# want to convert 8v Digi2 to single carb setup



## carolinaGTI (Dec 9, 2007)

so im looking into a single carb setup for my MKII GTi. the car has ported intake and exhaust ports, 270* cam, and Dual DP on it. will a 32/36 weber be enough carb? what all is involved in switching from Digi2 to carby? what will i need, remove, and replace? i assume an electric fuel pump (low psi), remove everything digi related, but what else? anyone done this swap b4? ive searched but didnt find much on the subject.


----------



## epjetta (Sep 19, 2006)

*Re: want to convert 8v Digi2 to single carb setup (carolinaGTI)*

switching to a MS would be a better idea. you dont even have to change any fuel stuff to convert.


----------



## carolinaGTI (Dec 9, 2007)

Im more of a mechanical tinker-er then a electronic's/wire tinker-er. I know MS and fuel injection will give better power and economy, but carbs are badass, east to work on, (i can tune by ear), and carbs sound great. i just need to know what all is involved in this swap. MSD? fuel pump?,set of jets? am i missing anything?


----------



## B4S (Apr 16, 2003)

*Re: (carolinaGTI)*

It always makes me laugh when someone posts up a desire to build a carbed car, and inevitably someone says "convert to standalone". I've been a die hard standalone user since 1999 (SDS, MS, Haltech, AEM EMS, to name a few), and I'm building an 8v on sidedrafts currently. I'm not even shooting for max power, I want to learn carbs. Sometimes, we build stuff that doesn't make sense to everyone, just to do it the way we want to http://****************.com/smile/emthup.gif. 
I'd imagine to switch to a 32/36 weber (which would probably be plenty of carb for your setup), you've pretty much named all the important stuff. The only other concern would be ignition. You could either swap to a vac/mech advance dizzy from a MkI and use the donor car's ICM and harness, or use the knock sensing ignition from an 85-87 MkII/16v rocco/etc. This would allow you to keep your digi distributor, as well as adding a knock sensor for that extra bit of safety on a hot day. The last option is an MSD 6A with the extra timing computer add-on, and the digifant distributor.


----------



## carolinaGTI (Dec 9, 2007)

i know where theres a rocco 16v, so thats an option, what about the MSD 6A? obviously the MSD will be the better system, but for the money is it really needed, or just "trick" and more tunable? what are some advantages and disadvantages to each option. BTW im a poor Mo Fo, so the 16v dizzy is probably more in my budget. lastly do you have pics of everything i'd need from the Rocco? i dont know jack about 16V's or rock0's


----------



## jetta-the-hut (Feb 10, 2007)

*Re: (B4S)*

hey B4S I'm helping carolinagti with this and had a few questions since I was always led to the MSD 6a side of the house


> The only other concern would be ignition. You could either swap to a vac/mech advance dizzy from a MkI and use the donor car's ICM and harness, or use the knock sensing ignition from an 85-87 MkII/16v rocco/etc. This would allow you to keep your digi distributor, as well as adding a knock sensor for that extra bit of safety on a hot day. The last option is an MSD 6A with the extra timing computer add-on, and the digifant distributor.
> 
> 
> > the digifant has a knock sensor ignition couldnt he just keep the system and run his ignition off the MSD?
> ...


----------



## carolinaGTI (Dec 9, 2007)

*Re: (jetta-the-hut)*

me too







...... also will any msd work? what type blaster coil do i need? single? dual? you mentioned an extra timing ad-on...is this an extra part? 
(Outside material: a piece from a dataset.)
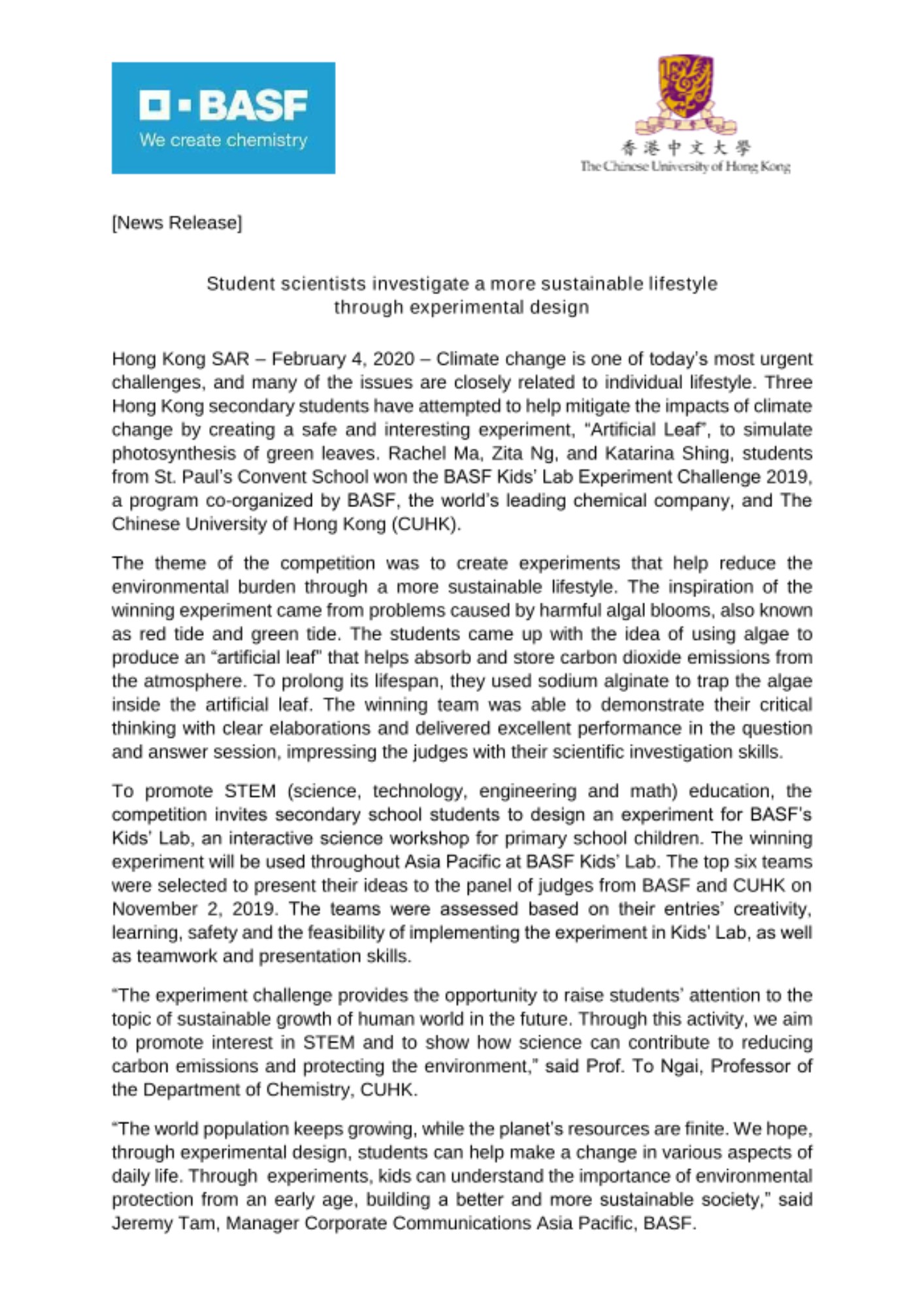Hong Kong SAR – February 4, 2020 – Climate change is one of today’s most urgent challenges, and many of the issues are closely related to individual lifestyle. Three Hong Kong secondary students have attempted to help mitigate the impacts of climate change by creating a safe and interesting experiment, “Artificial Leaf”, to simulate photosynthesis of green leaves. Rachel Ma, Zita Ng, and Katarina Shing, students from St. Paul’s Convent School won the BASF Kids’ Lab Experiment Challenge 2019, a program co-organized by BASF, the world’s leading chemical company, and The Chinese University of Hong Kong (CUHK).
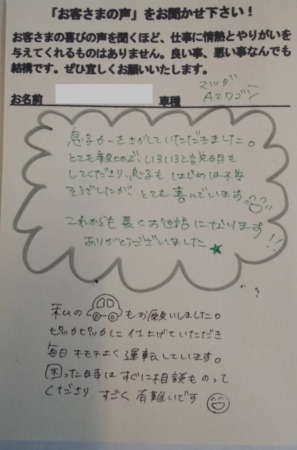 ※こちらのお客様より車両販売の感想頂きました ⇒ マツダ・AZワゴン

_Modified by carolinaGTI at 1:33 AM 5-29-2008_


----------



## B4S (Apr 16, 2003)

*Re: (jetta-the-hut)*


_Quote, originally posted by *jetta-the-hut* »_hey B4S I'm helping carolinagti with this and had a few questions since I was always led to the MSD 6a side of the house

_Quote »_The only other concern would be ignition. You could either swap to a vac/mech advance dizzy from a MkI and use the donor car's ICM and harness, or use the knock sensing ignition from an 85-87 MkII/16v rocco/etc. This would allow you to keep your digi distributor, as well as adding a knock sensor for that extra bit of safety on a hot day. The last option is an MSD 6A with the extra timing computer add-on, and the digifant distributor. 


the digifant has a knock sensor ignition couldnt he just keep the system and run his ignition off the MSD?
it sounds simple enough but I'm confused now?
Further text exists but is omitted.